Reliance on Strong VLMs: The five-agent pipeline depends on models like GPT-4o, tying data quality and cost to (partially closed) models.
Referee Bias: Using GPT-4o as a judge might favor outputs with similar styles; more neutral evaluation protocols are needed.
Standard Editing Performance: Modest improvements on standard editing tasks suggest that this data should be mixed with traditional editing data for deployment.
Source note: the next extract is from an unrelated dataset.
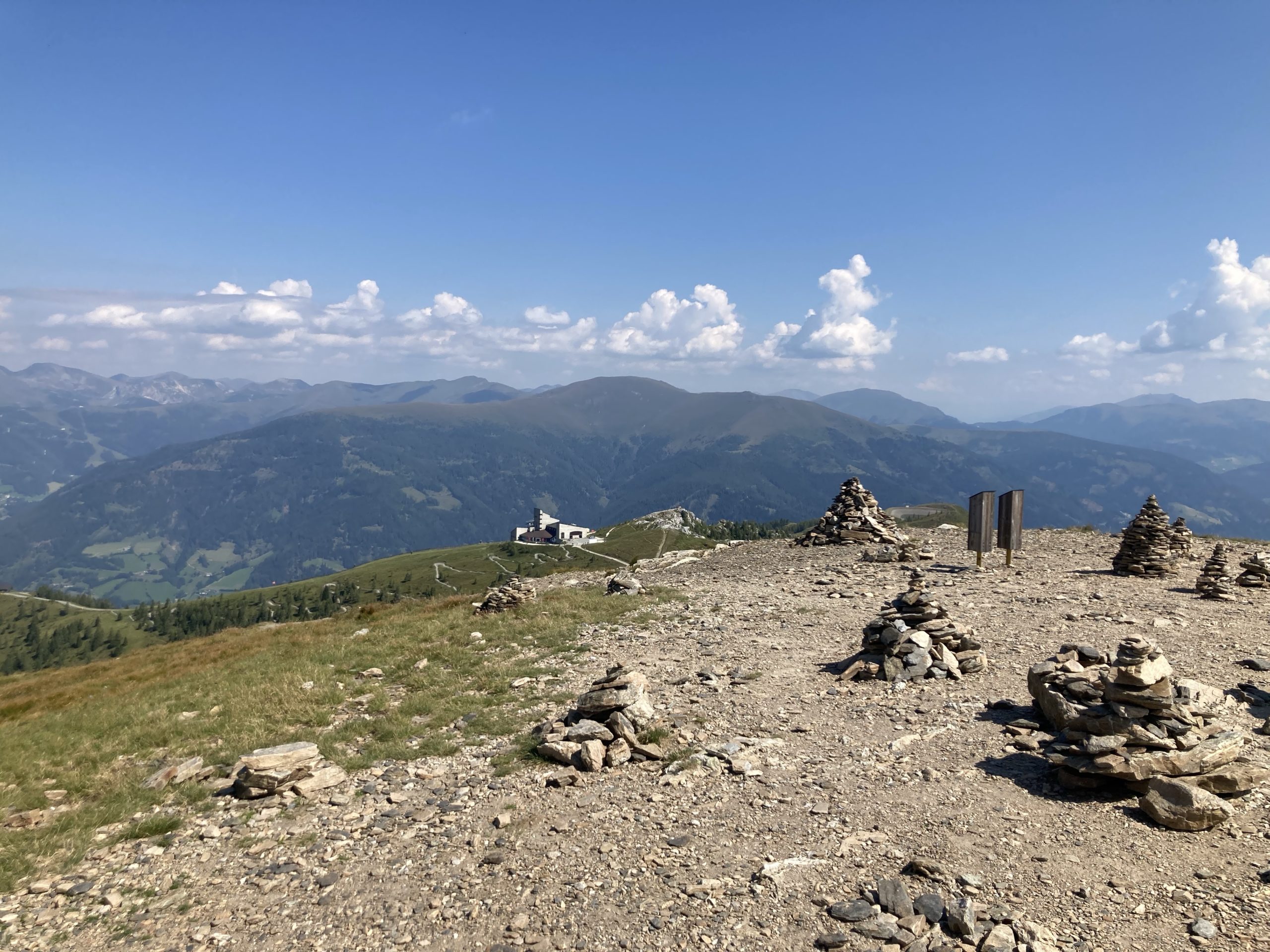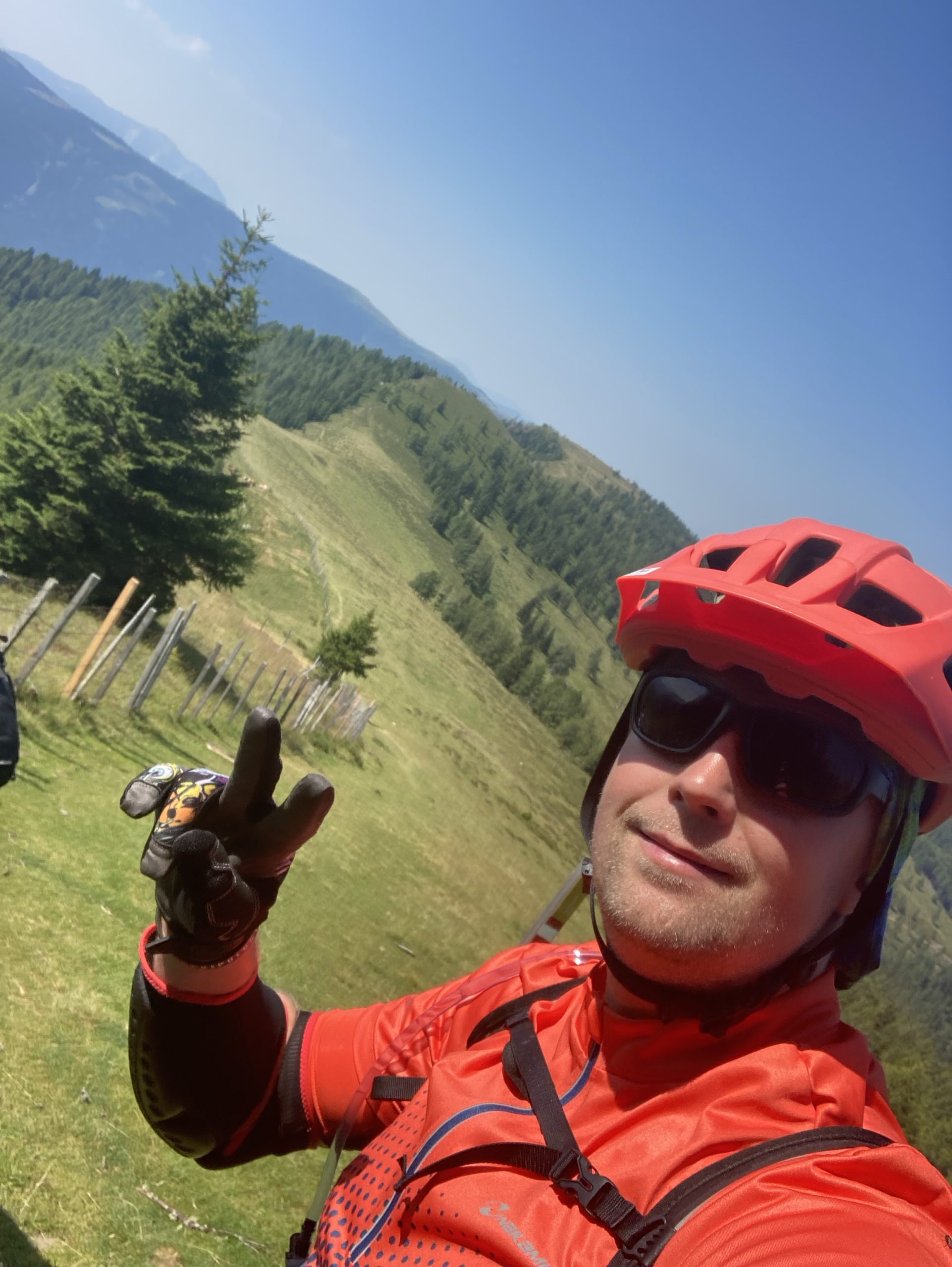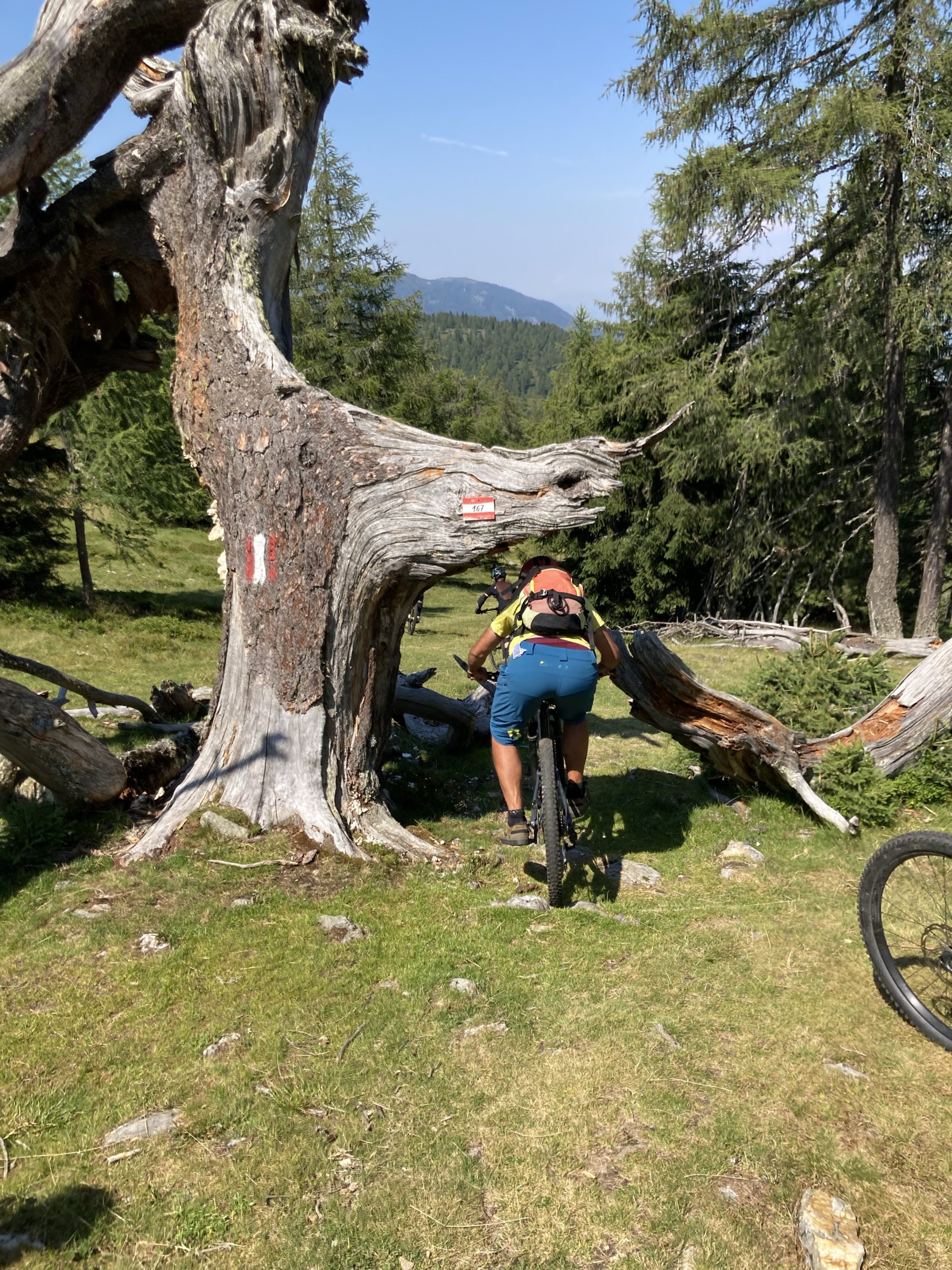 Aber wenn man schon mal hier ist, dann geht’s natürlich auch ab auf den Berg. Mit dem Bike natürlich 😜 und was machen wenn man Bike dabei hat?! Na klar, leihen! Aber alleine die Trails erkunden?! Lieber von nem Lokal die besten Trail zeigen lassen! Gesagt getan, zusammen mit der Sportschule Krainer aus Feld am See ging es Donnerstag morgen um 9 Uhr von der Talstation Bad Kleinkirchheim mit der Gondel hoch zur Berstation. Oben angekommen erstmal das Panorama genießen und… oh, da geht’s auch schon los… die letzten 150Hm zum Gipfelkreuz des Wöllaner Nock wollen dann doch noch pedaliert werden. Und das auf nur knapp 1000m Wegstrecke. Genau mein Ding!!! Nach den ersten Metern stellte ich dann leider auch fest, das YT Capra ist nicht unbedingt die angenehmste Art um den Gipfel an zu fahren!🫣 Gefühlt 10kg zu schwer, extrem träge und mindestens 3 Gänge zu wenig lautete mein Fazit nach den ersten Höhenmetern. 🥵

Comparison with Standard Editing (InstructPix2Pix, etc.): Standard datasets target pixel-level changes via explicit instructions; Ours targets VQ-VA, requiring the synthesis of entirely new images based on reasoning.
Comparison with RISEBench/KRIS-Bench: While these benchmarks move toward reasoning, they still reward pixel precision and rely on synthetic data; IntelligentBench uses real web content and focuses on higher-order semantic reasoning.
Methodological Inspiration: The bidirectional FastText + LLM labeling loop is a generalizable paradigm for scaling high-quality, expensive LLM judgments to web-scale corpora.

Rating¶

Novelty: ⭐⭐⭐⭐ Transforms VQ-VA from an emergent phenomenon into a systemic data problem.
Experimental Thoroughness: ⭐⭐⭐⭐⭐ Comprehensive evaluation across five benchmarks and three domains.
Writing Quality: ⭐⭐⭐⭐ Clear motivation; Table 1 effectively quantifies the data gap.
Value: ⭐⭐⭐⭐⭐ Provides infrastructure (data, pipeline, benchmark, weights) to push open-source multimodal generation forward.